(What you have to do): With the pictures removed, write out the full listing below exactly.

(The data):
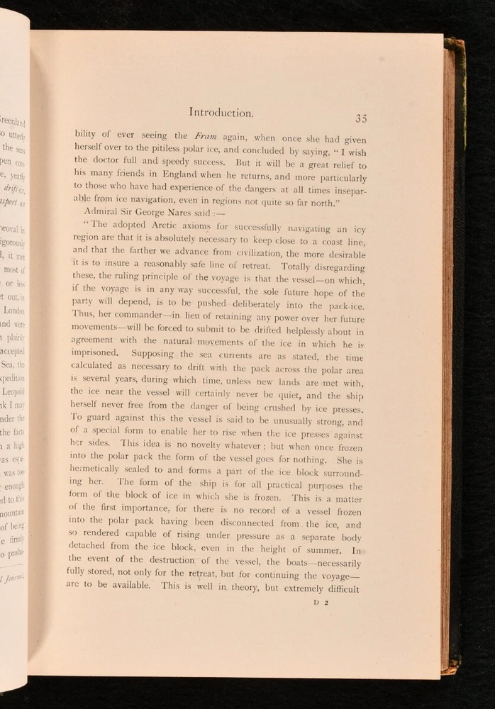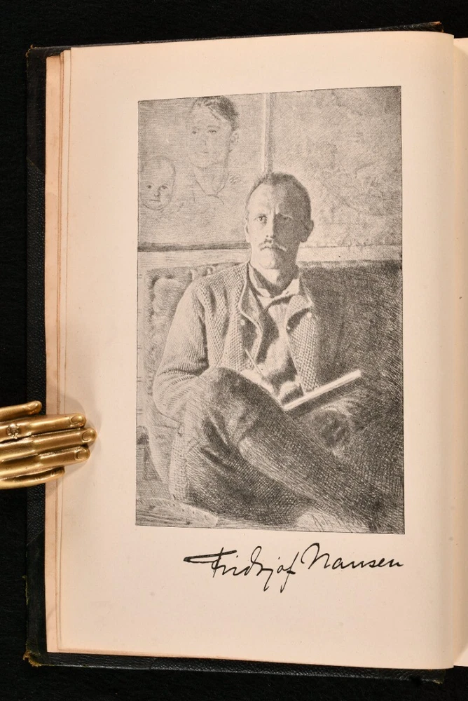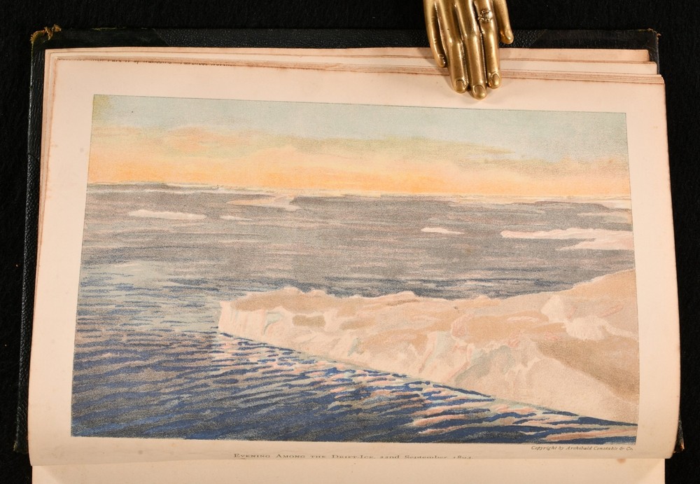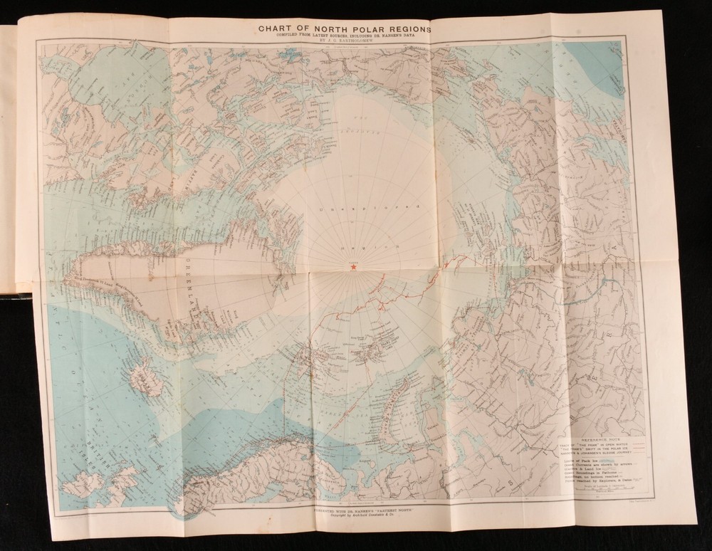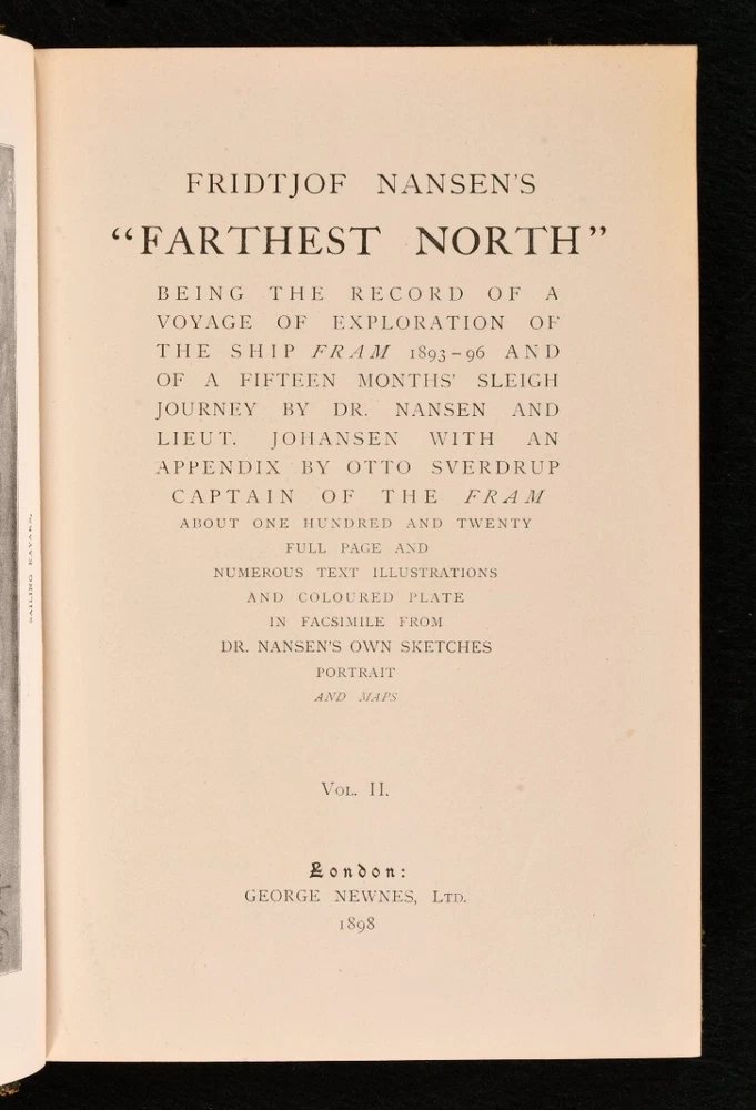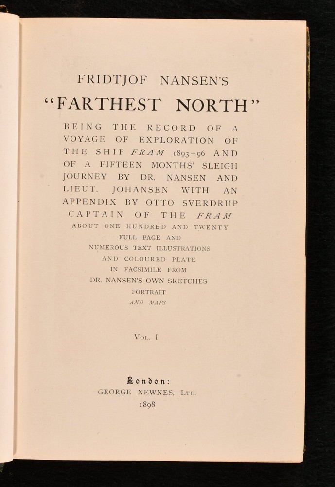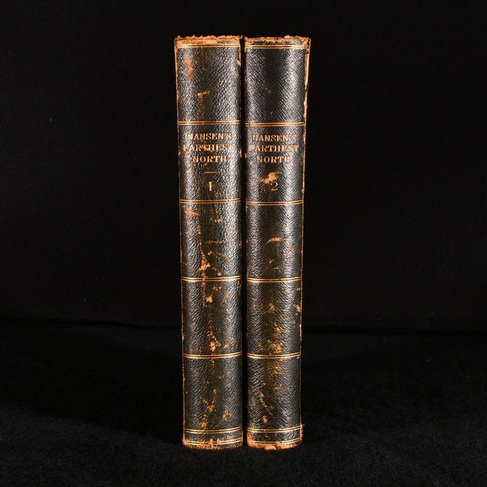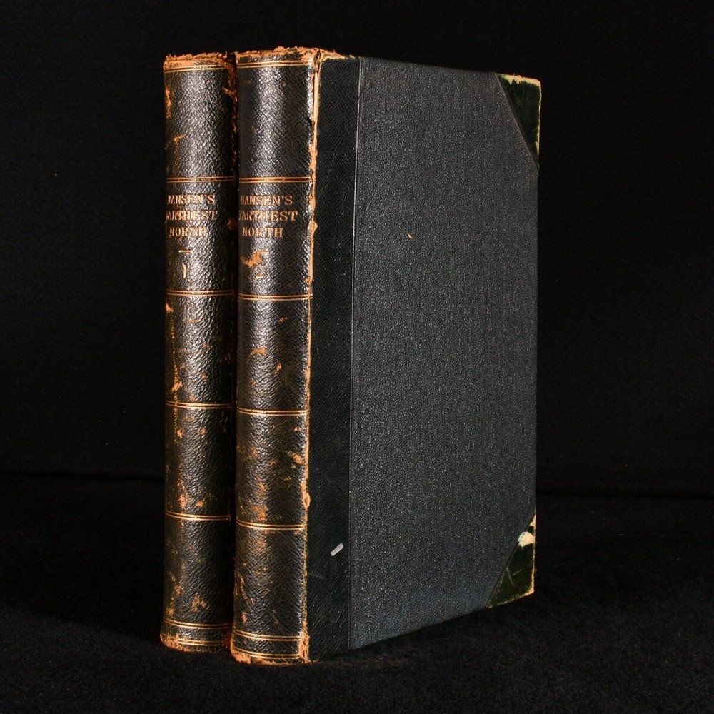 Click here to see our other books! Fridtjof Nansen's 'Farthest North': Being the Record of a Voyage of Exploration of the Ship Fram 1893-96 and of a Fifteen Months' Sleigh Journey Fridtjof Nansen 1898 George Newnes : London 9" by 6" xv, 480; [viii], 1-456pp. SUMMARY The second edition of Nansen's account of his extraordinary Fram expedition of 1893, complete in two volumes with its folding map. Early Edition,Folding Maps,Illustrated,Leather Binding,Rebound Overall Condition: Very Good This book weighs 3 KG when packed UK Postage: £ 3.99 US Postage: £ 36.99 EU Postage : £ 25.99 European Postage: £ 27.99 Asia Postage: £ 47.99 Worldwide Postage: £ 69.99 DESCRIPTION The second edition of this work by Fridtjof Nansen. Complete in two volumes, with half title. Comprising the story of the incredible Fram expedition led by Dr Nansen from 1893 to 1896, in which he tried to reach the geographical North Pole by harnessing the north-east current of the Arctic Ocean. Even though the mission was discouraged by other explorers, Nansen took the Fram with his companion Hjalmas Johansen to the eastern Arctic Ocean, and waited for the water to carry it towards the pole. After eighteen months, they both left the ship and carried on the expedition with a team of Samoyed dogs and sledges to reach the Pole. Although they did not reach it, they did reach the Farthest North latitude of 86°13.6′N. The Fram finally emerged in the North Atlantic Ocean. With a frontispiece to each volume, one coloured plate in facsimile from Nansen's own sketches, one hundred and ten full page plates in black and white, and various in text illustrations of etched portrait, photogravures. With a large coloured folding map to the rear of volume I. Collated, complete. With an Appendix by Otto Sverdrup, Captain of the Fram . CONDITION In a half morocco binding over cloth covered boards. Externally generally sound with shelf wear and chipping to the spine and edges, some rubbing to the leather and boards. A minor cracking to the upper joint of volume II. Internally, firmly bound. With some spotting to the endpapers and fore edge, affecting only the odd leaf with the odd minor spot. Otherwise, the pages appear bright and clean throughout. With a frontispiece to each volume, one coloured plate in facsimile from Nansen's own sketches, one hundred and ten full page plates in black and white, and various in text illustrations of etched portraits, photogravures. With a large coloured folding map to the rear of volume I. Collated, complete. Overall Condition: Very Good GLOSSARY OF TERMS Overall Condition (Dustwrapper condition rating is shown after that for the book itself, where a dustwrapper is present) Fine - Very well preserved copy showing very little wear Very Good Indeed - Only one or two minor faults, really a very attractive copy Very Good - Quite a wide term meaning no major faults but probably several smaller ones often expected given the age of the book, but still a respectable copy Good - Meaning not very good. Some more serious faults as will be described in the condition report under 'condition' Good Only - Meaning one or more faults that could really do with repair Fair - As with good only above but with other faults leaving a compromised copy even after repair Poor - Really bad and possibly seriously incomplete. We only sell books in this condition where their rarity or value makes them attractive none the less. Major defects will be described. GUARANTEE We offer a full money back guarantee on our descriptions. Please ask for details and conditions. We prefer PAYPAL. If you pay via PAYPAL we will post the item off the same or the next working day with the postage you have selected. Please note we cannot accept USD cheques
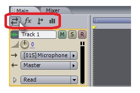 Vsak tir ima možnost različnih menijev: Input/Output, meni za efekte (FX), Sends in EQ (regulator frekvenc).
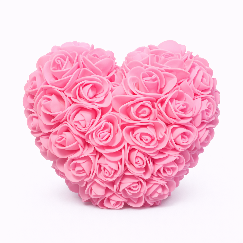 Inima din Trandafiri 15x15cm cu Flori de Spuma, in Cutie Transparenta 15cm - roz
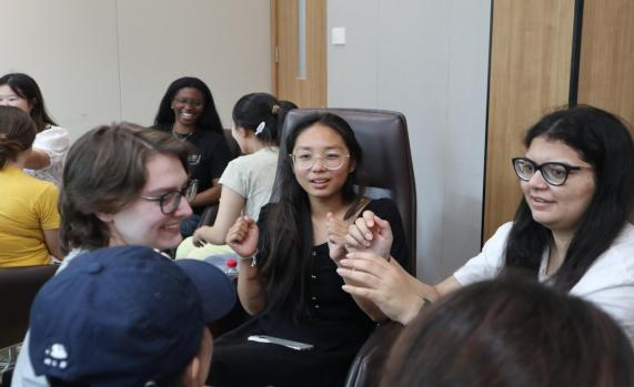 卓越师范生与湖南师范大学、基尔大学学生在轻松愉快的氛围中用英语畅谈,介绍各自的家乡和文化经历,品尝宁夏的八宝茶,共享这份“有朋自远方来,不亦乐乎”的温暖与情谊。

(Answer box):
 Click here to see our other books! Fridtjof Nansen's 'Farthest North': Being the Record of a Voyage of Exploration of the Ship Fram 1893-96 and of a Fifteen Months' Sleigh Journey Fridtjof Nansen 1898 George Newnes : London 9" by 6" xv, 480; [viii], 1-456pp. SUMMARY The second edition of Nansen's account of his extraordinary Fram expedition of 1893, complete in two volumes with its folding map. Early Edition,Folding Maps,Illustrated,Leather Binding,Rebound Overall Condition: Very Good This book weighs 3 KG when packed UK Postage: £ 3.99 US Postage: £ 36.99 EU Postage : £ 25.99 European Postage: £ 27.99 Asia Postage: £ 47.99 Worldwide Postage: £ 69.99 DESCRIPTION The second edition of this work by Fridtjof Nansen. Complete in two volumes, with half title. Comprising the story of the incredible Fram expedition led by Dr Nansen from 1893 to 1896, in which he tried to reach the geographical North Pole by harnessing the north-east current of the Arctic Ocean. Even though the mission was discouraged by other explorers, Nansen took the Fram with his companion Hjalmas Johansen to the eastern Arctic Ocean, and waited for the water to carry it towards the pole. After eighteen months, they both left the ship and carried on the expedition with a team of Samoyed dogs and sledges to reach the Pole. Although they did not reach it, they did reach the Farthest North latitude of 86°13.6′N. The Fram finally emerged in the North Atlantic Ocean. With a frontispiece to each volume, one coloured plate in facsimile from Nansen's own sketches, one hundred and ten full page plates in black and white, and various in text illustrations of etched portrait, photogravures. With a large coloured folding map to the rear of volume I. Collated, complete. With an Appendix by Otto Sverdrup, Captain of the Fram . CONDITION In a half morocco binding over cloth covered boards. Externally generally sound with shelf wear and chipping to the spine and edges, some rubbing to the leather and boards. A minor cracking to the upper joint of volume II. Internally, firmly bound. With some spotting to the endpapers and fore edge, affecting only the odd leaf with the odd minor spot. Otherwise, the pages appear bright and clean throughout. With a frontispiece to each volume, one coloured plate in facsimile from Nansen's own sketches, one hundred and ten full page plates in black and white, and various in text illustrations of etched portraits, photogravures. With a large coloured folding map to the rear of volume I. Collated, complete. Overall Condition: Very Good GLOSSARY OF TERMS Overall Condition (Dustwrapper condition rating is shown after that for the book itself, where a dustwrapper is present) Fine - Very well preserved copy showing very little wear Very Good Indeed - Only one or two minor faults, really a very attractive copy Very Good - Quite a wide term meaning no major faults but probably several smaller ones often expected given the age of the book, but still a respectable copy Good - Meaning not very good. Some more serious faults as will be described in the condition report under 'condition' Good Only - Meaning one or more faults that could really do with repair Fair - As with good only above but with other faults leaving a compromised copy even after repair Poor - Really bad and possibly seriously incomplete. We only sell books in this condition where their rarity or value makes them attractive none the less. Major defects will be described. GUARANTEE We offer a full money back guarantee on our descriptions. Please ask for details and conditions. We prefer PAYPAL. If you pay via PAYPAL we will post the item off the same or the next working day with the postage you have selected. Please note we cannot accept USD cheques
 Vsak tir ima možnost različnih menijev: Input/Output, meni za efekte (FX), Sends in EQ (regulator frekvenc).
 Inima din Trandafiri 15x15cm cu Flori de Spuma, in Cutie Transparenta 15cm - roz
 卓越师范生与湖南师范大学、基尔大学学生在轻松愉快的氛围中用英语畅谈,介绍各自的家乡和文化经历,品尝宁夏的八宝茶,共享这份“有朋自远方来,不亦乐乎”的温暖与情谊。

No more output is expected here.